Subtraction ::= Subtraction '-' Number | Number

This rule would give us the parse tree

              Subtraction
                 / | \
      Subtraction '-' Number=3
           / | \
Subtraction '-' Number=2
    |
Number=1

, which corresponds to the precedence (1 - 2) - 3. But if we rewrite the rule to eliminate left-recursion, we get the rule

Subtraction ::= Number | Number Subtraction'
Subtraction' ::= '-' Number | '-' Number Subtraction'

This rule would give us the parse tree

    Subtraction
        / \
Number=1   Subtraction'
          /     |     \
      '-'    Number=2  Subtraction'
                          / \
                       '-'   Number=3

, which corresponds to the precedence 1 - (2 - 3) which is wrong. Also, the parse tree looks severely mangled and does not represent the logical structure of the input any longer. This is bad, and unusable for practical applications. We could try to fix up the parse tree by juggling nodes around, but there is a better alternative:

Use a better algorithm: LR parsers

Top-down parsing algorithms of the kind you are probably using (recursive descent?) are limited in their expressiveness, their correctness, and in their efficiency. The only thing they have going for them is that they use a very intuitive approach, and this is probably the only reason they are still being commonly used. Other parsing algorithms such as LR or LALR can parse a broader range of grammars and can do so in linear time, but are less intuitive and difficult to write by hand. Which is why we generally use parser generators to create a parser from a grammar, rather than writing the grammar by hand.

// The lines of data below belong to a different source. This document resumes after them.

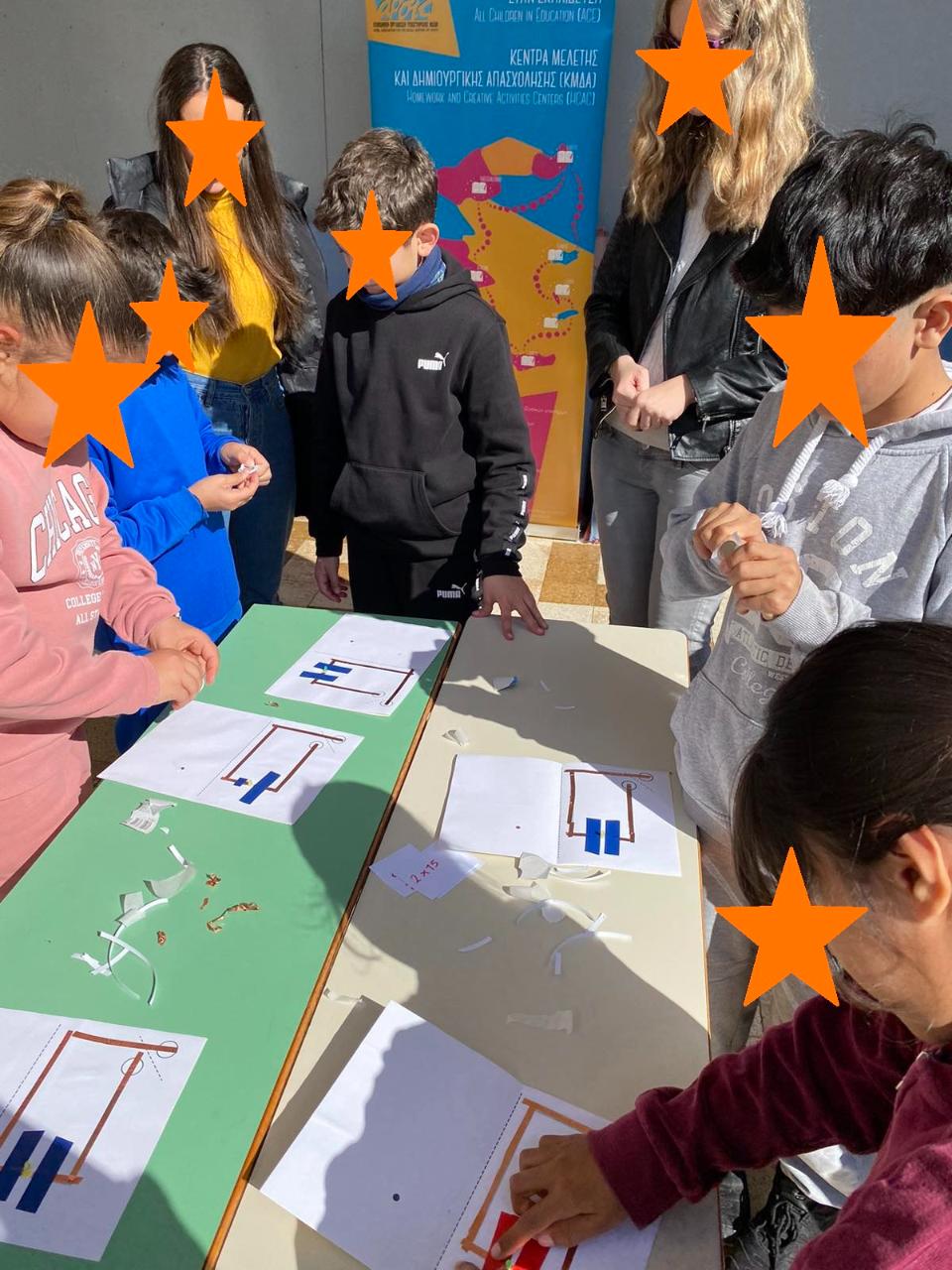 Βρεθήκαμε στο υπέροχο αίθριο του Δ.Σ. του Λακκίου, όπου γνωριστήκαμε, μιλήσαμε το ένα τη γλώσσα του άλλου, χωριστήκαμε παίζοντας σε ομάδες και πραγματοποιήσαμε πειράματα για τον ηλεκτρισμό και το μαγνητισμό, βοηθώντας και συζητώντας μεταξύ μας. Κατά τη διάρκεια των εργαστηρίων: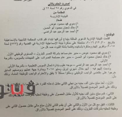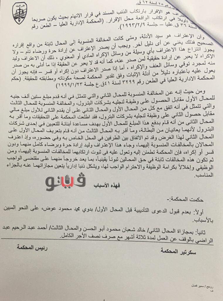 وأضافت المحكمة إن وقائع القضية بدأت بشكوى الشقيقان مصطفى خالد شعبان وأحمد خالد شعبان، المقدمتين للنيابة الإدارية ضد المحال الأول بدوي محمد محمود لحصوله على مبلغ ثلاثين ألف جنيه من كل منهما نظير الوعد بتعيينهما بإحدى شركات البترول حيث كان ذلك بناءً على إرشاد المحال الثالث أحمد عبد الرحيم عبد الراضي لوالد الشاكيين "المحال الثاني" خالد شعبان محمود الذي حضر الاتفاق في هذا الشأن داخل المحل الخاص بالمحال الثالث, وقد إنتهت النيابة الإدارية بعد سماع الشهود ومواجهة المحالين بما هو منسوب إليهم إلى قيد الواقعة مخالفة إدارية في حقهم، وطالبت بمحاكمتهم تأديبيًا عما نُسب إليهم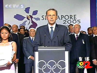 主辦城市選舉的懸念留到了最后一輪,由倫敦“決斗”同樣強(qiáng)大的巴黎。在這輪的投票選舉中,雙方?jīng)]有讓國(guó)際奧委會(huì)主席羅格難堪的戰(zhàn)成平手,而是高下立分。在經(jīng)過一段讓人幾乎窒息的等待之后,一位華裔新加坡女孩把放有結(jié)果的信交給了羅格。羅格在感謝了東道主新加坡民眾、此前提出申請(qǐng)的國(guó)家和五個(gè)候選國(guó)家后,向世人大聲宣布:國(guó)際奧委會(huì)決定,把第30屆奧運(yùn)會(huì)的主辦權(quán)交給倫敦!
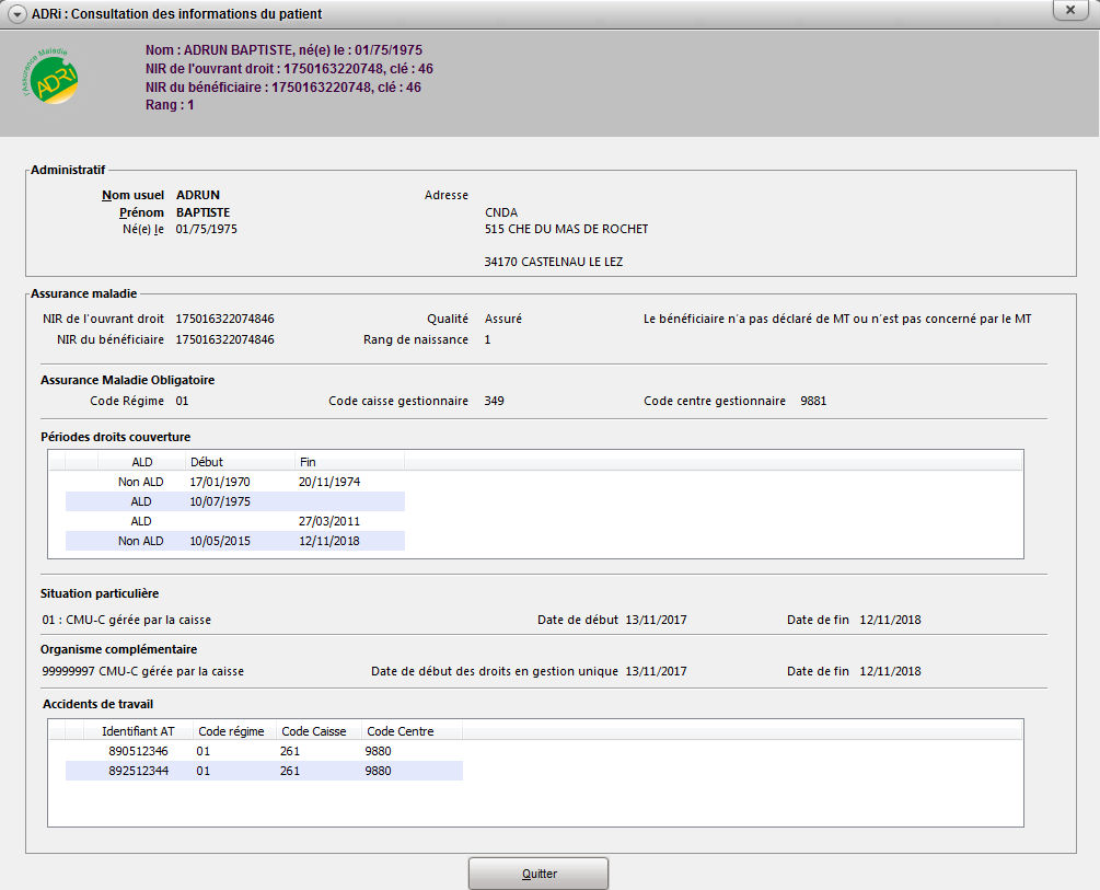 la fenêtre ADRi : Consultation des informations du patient s'ouvre :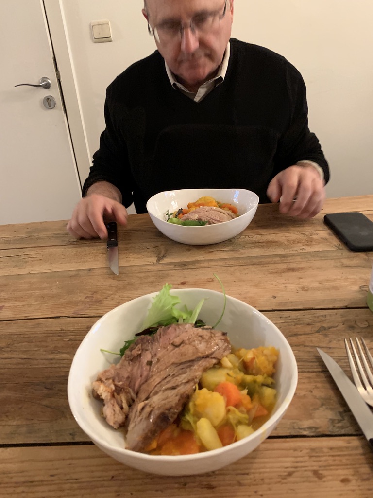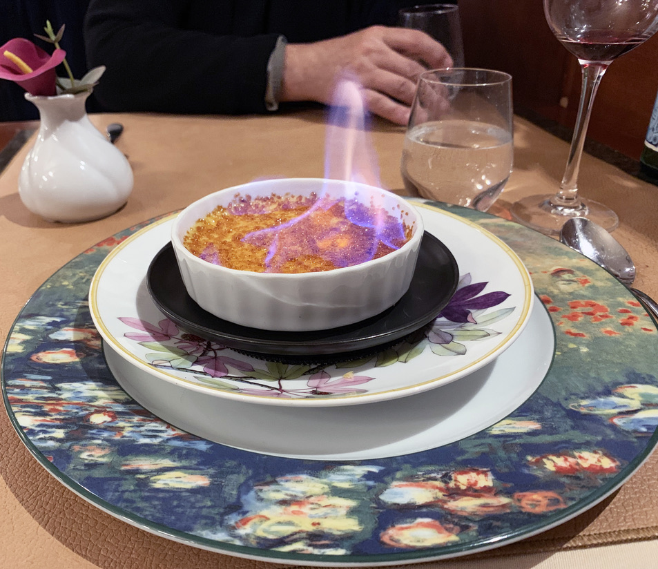 I had some kind of ratatouille with escargot, followed by amazingly tender rare duck served with cooked and peeled pear, some vegetables and a shot glass of mushroom soup. Before the meal began, they brought out a selection of all sorts of tiny treats including a shot glass of cucumber soup, something avocado-y, two wonderful cherry tomatoes in a great olive oil and vinegar, and about five other morsels. We ended with flaming crème brulee. A great surprise meal.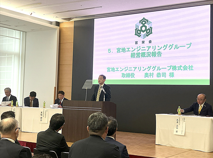 冒頭、2025年4月1日付で宮地エンジニアリンググループ株式会社代表取締役社長に就任された池浦 正裕社長より、「引き続き宮栄会の皆様と連携し、グループ全体の成長と発展に取り組んでまいりたい」とのご挨拶をいただきました。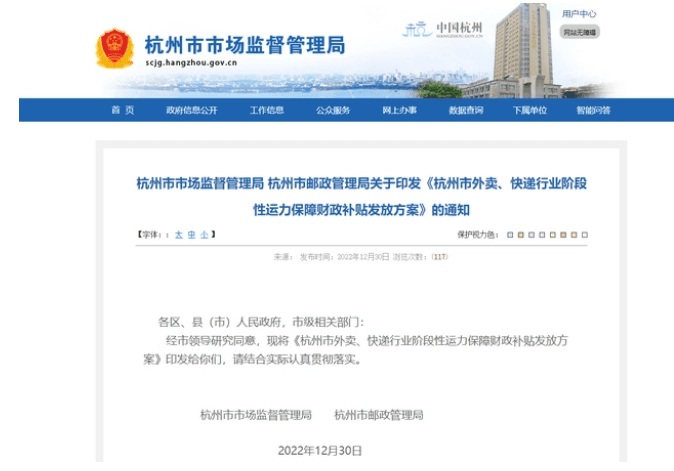 近日,浙江省杭州市邮政管理局、市场监督管理局联合出台《杭州市外卖、快递业阶段性运力保障财政补贴发放方案》,向在岗快递员、外卖员发放补贴,其中将有1500万元直接发放到一线快递员手中。此次财政补贴时间为2023年1月1日至1月10日,为期10天。申请补贴的邮政、快递企业须依法取得快递业务经营许可资质。领取邮政快递业补...

The grammar file you linked to is a Yacc grammar. Yacc is a parser generator tool that uses the LALR algorithm – no problems with left recursion, almost as general as LR, but needs smaller “state tables” than real LR. LALR has some annoying limitations, but it is currently the most common parsing algorithm in practical use for implementing “real” programming languages.

Bottom-up algorithms such as LR can parse a broader range of grammars because they decide which alternative to apply after they have seen the appropriate input. Using the Subtraction example, assume we see the token stream

Number=1 '-' Number=2 '-' Number=3

and have the grammar

Subtraction → Subtraction '-' Number
Subtraction → Number

. I will use a · to denote the current position in a rule

• initialize the parser. We have an empty token stack, and are at the beginning of all alternatives:

  Subtraction → · Subtraction '-' Number
  Subtraction → · Number
  

• read token Number=1. The token stack of the parser is now

  | Number=1 |
  

  this completes the rule Subtraction → Number ·, so we can reduce the right-hand side of the rule to the left-hand side by adding a parse tree fragment to the stack. The token stack is now:

  | Subtraction |
  |     |       |
  |  Number=1   |
  

• read token '-'. The token stack is

  | Subtraction | '-' |
  |     |       |     |
  |  Number=1   |     |
  

  we are in the rules

  Subtraction → Subtraction '-' · Number
  

• read token Number=2. The token stack is

  | Subtraction | '-' | Number=2 |
  |     |       |     |          |
  |  Number=1   |     |          |
  

  this completes the rule

  Subtraction → Subtraction '-' Number ·
  

  so we can reduce to

  |         Subtraction      |
  |            / | \         |
  | Subtraction '-' Number=2 |
  |     |                    |
  | Number=1                 |
  

• and so on for the remaining tokens, until no input tokens are left, and the token stack consists of a single item: the final parse tree.

Recognizing where we are in which rule and whether a rule was completed by this token is generally done by a DFA state machine, which is why we need to calculate state tables from the grammar when constructing the parser.

Answer 2

Left-recursive grammars can generally be rewritten by adding symbols and rearranging slightly. Wikipedia has a good example for a simple four-function calculator grammar. Since you know the first terminal you see in a top_statement_list must be a valid nonterminal for the beginning of a top_statement, you can rewrite to check for a top_statement instead of a top_statement_list first.